• [What needs to be done]: Below are lines of records; copy exactly those from the one containing "In tako naprej" through the one containing "Vienne 20 mar", leaving the pictures behind.
*** Opening of Task data ***
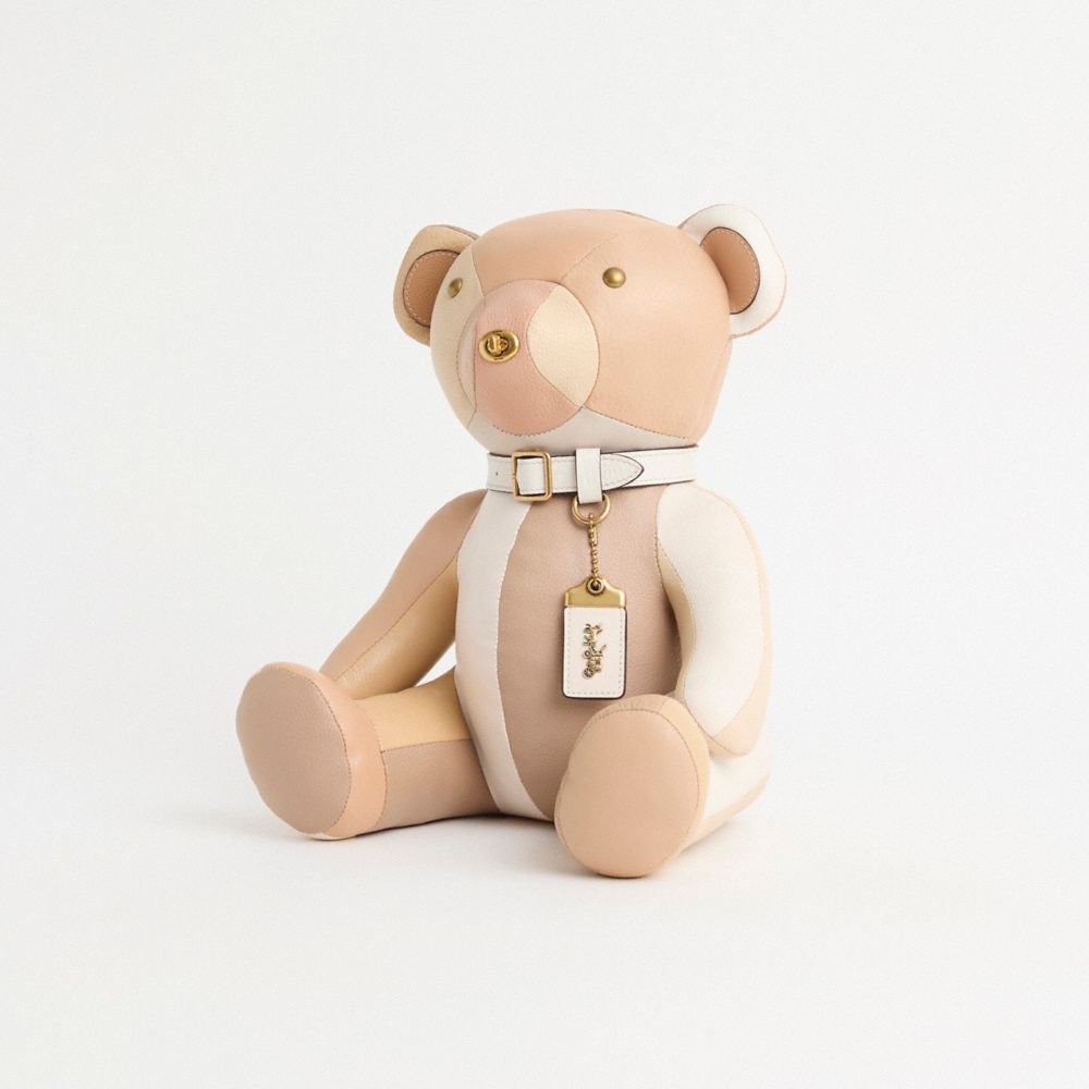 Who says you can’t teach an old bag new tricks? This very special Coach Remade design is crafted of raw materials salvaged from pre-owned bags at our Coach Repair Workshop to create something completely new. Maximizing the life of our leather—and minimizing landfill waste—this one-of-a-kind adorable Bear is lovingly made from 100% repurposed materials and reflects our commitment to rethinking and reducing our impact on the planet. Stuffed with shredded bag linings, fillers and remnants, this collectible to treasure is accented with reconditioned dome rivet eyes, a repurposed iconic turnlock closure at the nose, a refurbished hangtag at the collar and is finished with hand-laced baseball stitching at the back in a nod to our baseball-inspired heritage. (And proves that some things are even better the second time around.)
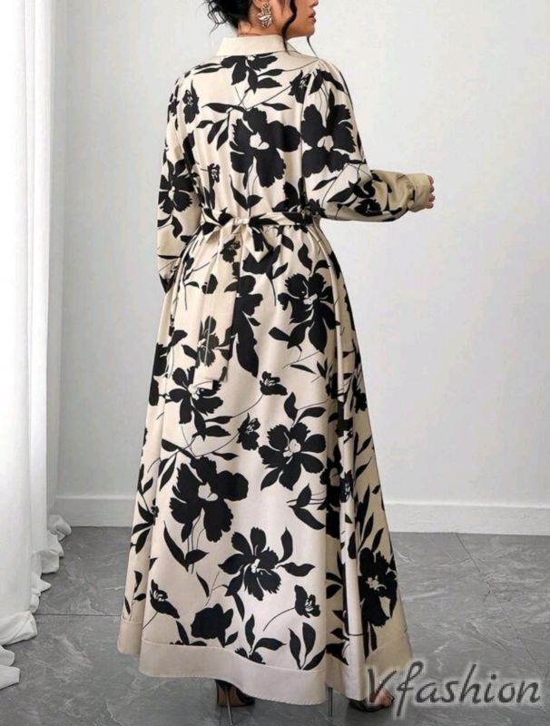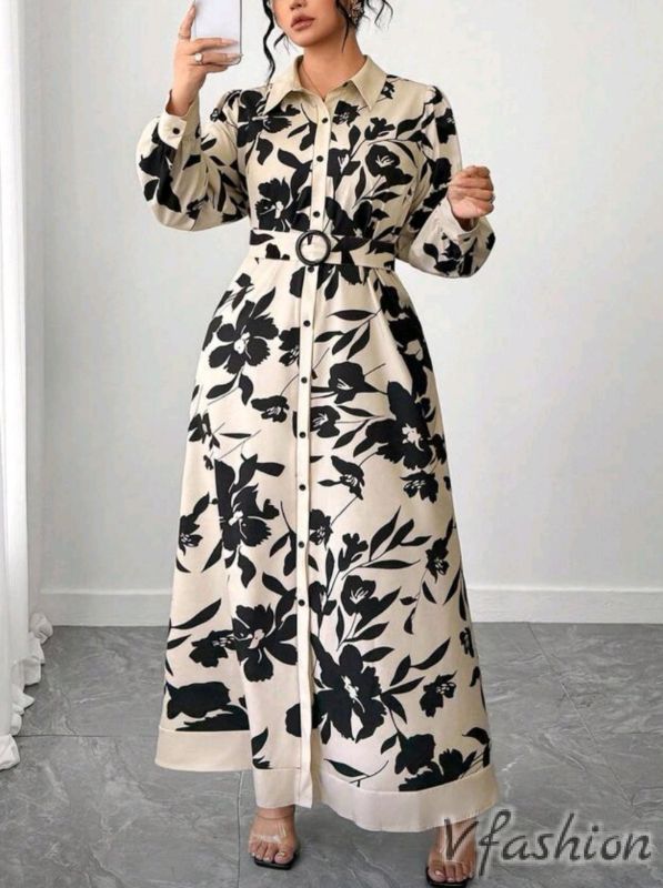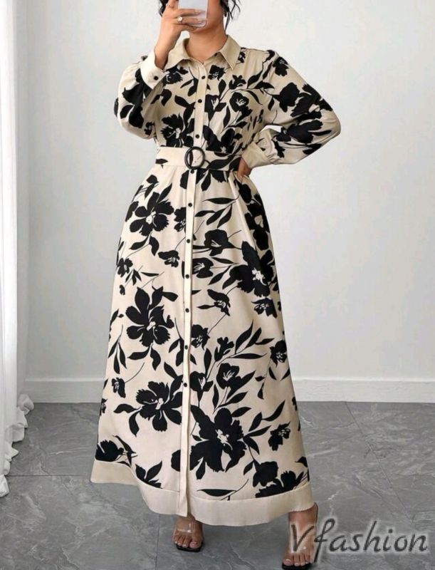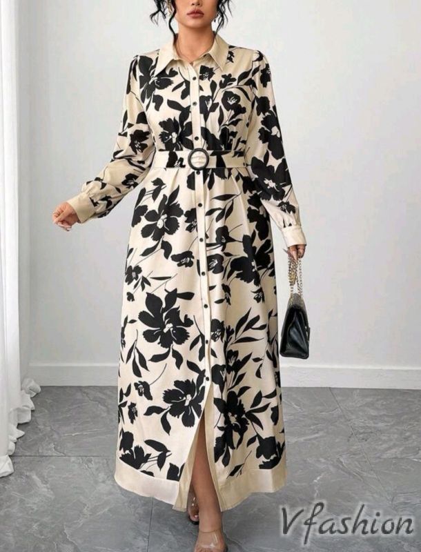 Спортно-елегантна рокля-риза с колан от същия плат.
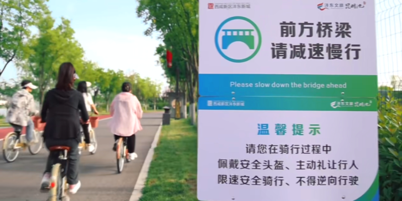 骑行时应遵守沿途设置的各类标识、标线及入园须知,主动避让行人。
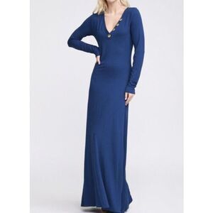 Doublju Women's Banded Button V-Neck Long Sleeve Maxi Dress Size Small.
*** Close of Task data ***
*** Opening of Task data ***
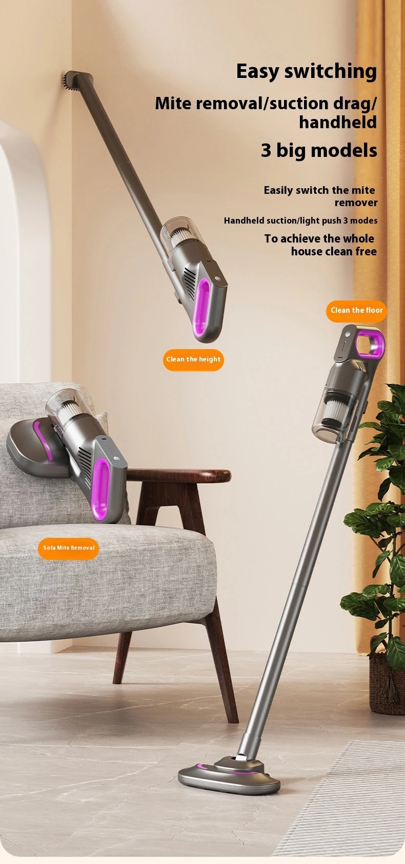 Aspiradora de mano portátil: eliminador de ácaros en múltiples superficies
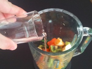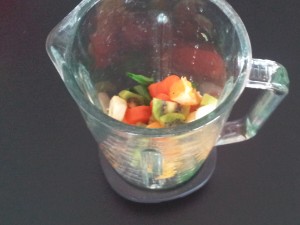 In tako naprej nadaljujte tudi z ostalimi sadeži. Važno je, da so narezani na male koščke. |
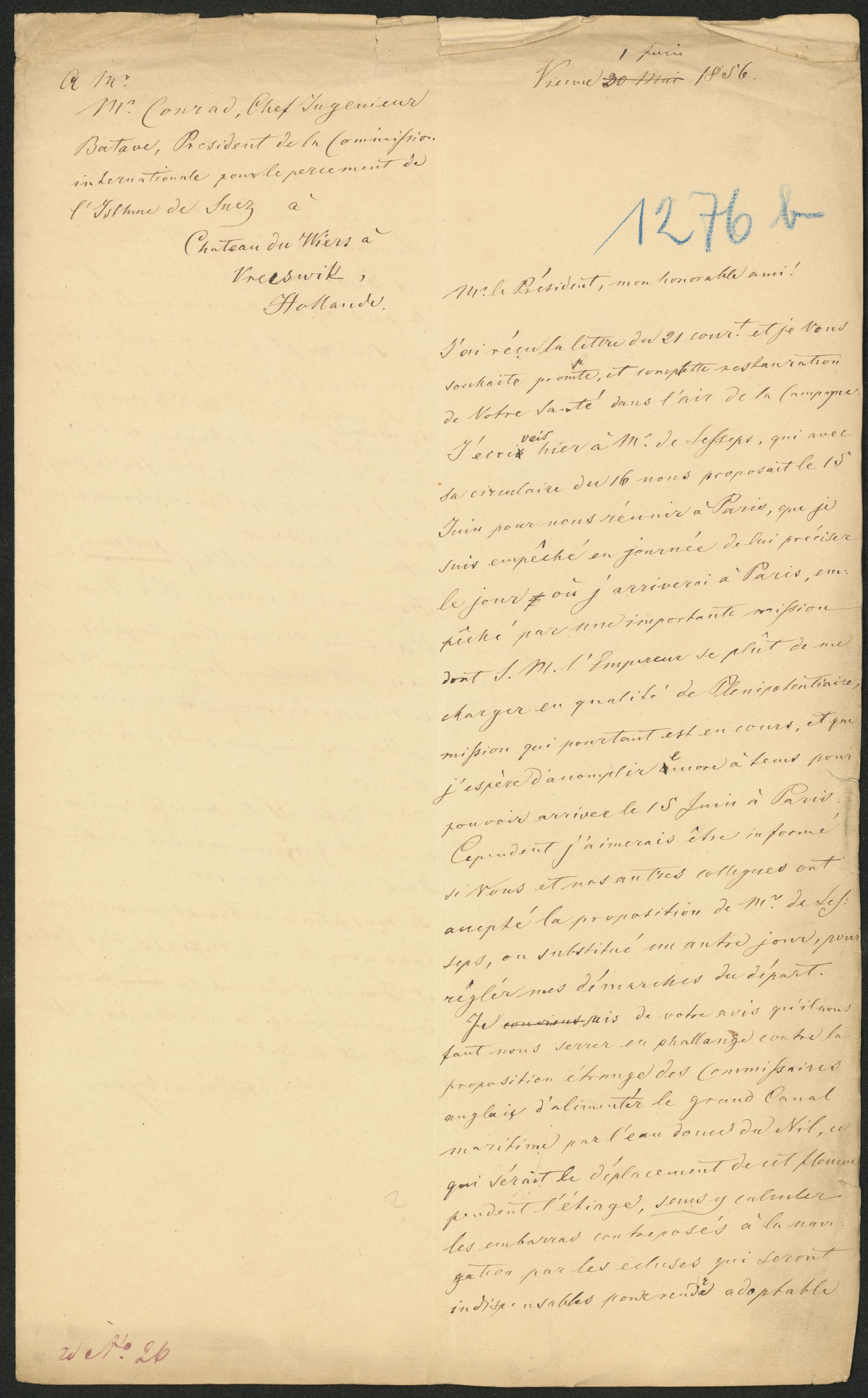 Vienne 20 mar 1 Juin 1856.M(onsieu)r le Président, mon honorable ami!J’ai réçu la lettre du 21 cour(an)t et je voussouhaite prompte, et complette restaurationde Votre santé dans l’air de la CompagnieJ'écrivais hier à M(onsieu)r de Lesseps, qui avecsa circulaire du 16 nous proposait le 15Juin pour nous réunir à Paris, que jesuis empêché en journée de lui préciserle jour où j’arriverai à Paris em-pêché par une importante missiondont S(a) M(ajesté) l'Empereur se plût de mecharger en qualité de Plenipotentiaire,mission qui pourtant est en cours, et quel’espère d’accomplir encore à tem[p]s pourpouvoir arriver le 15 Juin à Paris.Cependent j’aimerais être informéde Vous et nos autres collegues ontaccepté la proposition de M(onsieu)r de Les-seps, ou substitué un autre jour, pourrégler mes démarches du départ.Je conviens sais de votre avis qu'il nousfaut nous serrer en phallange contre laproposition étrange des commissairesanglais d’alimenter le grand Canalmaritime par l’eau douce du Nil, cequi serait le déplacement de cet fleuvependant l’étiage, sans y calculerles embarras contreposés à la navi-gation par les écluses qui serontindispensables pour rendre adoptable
*** Close of Task data ***
• [Finished task]:
 In tako naprej nadaljujte tudi z ostalimi sadeži. Važno je, da so narezani na male koščke. |
 Vienne 20 mar 1 Juin 1856.M(onsieu)r le Président, mon honorable ami!J’ai réçu la lettre du 21 cour(an)t et je voussouhaite prompte, et complette restaurationde Votre santé dans l’air de la CompagnieJ'écrivais hier à M(onsieu)r de Lesseps, qui avecsa circulaire du 16 nous proposait le 15Juin pour nous réunir à Paris, que jesuis empêché en journée de lui préciserle jour où j’arriverai à Paris em-pêché par une importante missiondont S(a) M(ajesté) l'Empereur se plût de mecharger en qualité de Plenipotentiaire,mission qui pourtant est en cours, et quel’espère d’accomplir encore à tem[p]s pourpouvoir arriver le 15 Juin à Paris.Cependent j’aimerais être informéde Vous et nos autres collegues ontaccepté la proposition de M(onsieu)r de Les-seps, ou substitué un autre jour, pourrégler mes démarches du départ.Je conviens sais de votre avis qu'il nousfaut nous serrer en phallange contre laproposition étrange des commissairesanglais d’alimenter le grand Canalmaritime par l’eau douce du Nil, cequi serait le déplacement de cet fleuvependant l’étiage, sans y calculerles embarras contreposés à la navi-gation par les écluses qui serontindispensables pour rendre adoptable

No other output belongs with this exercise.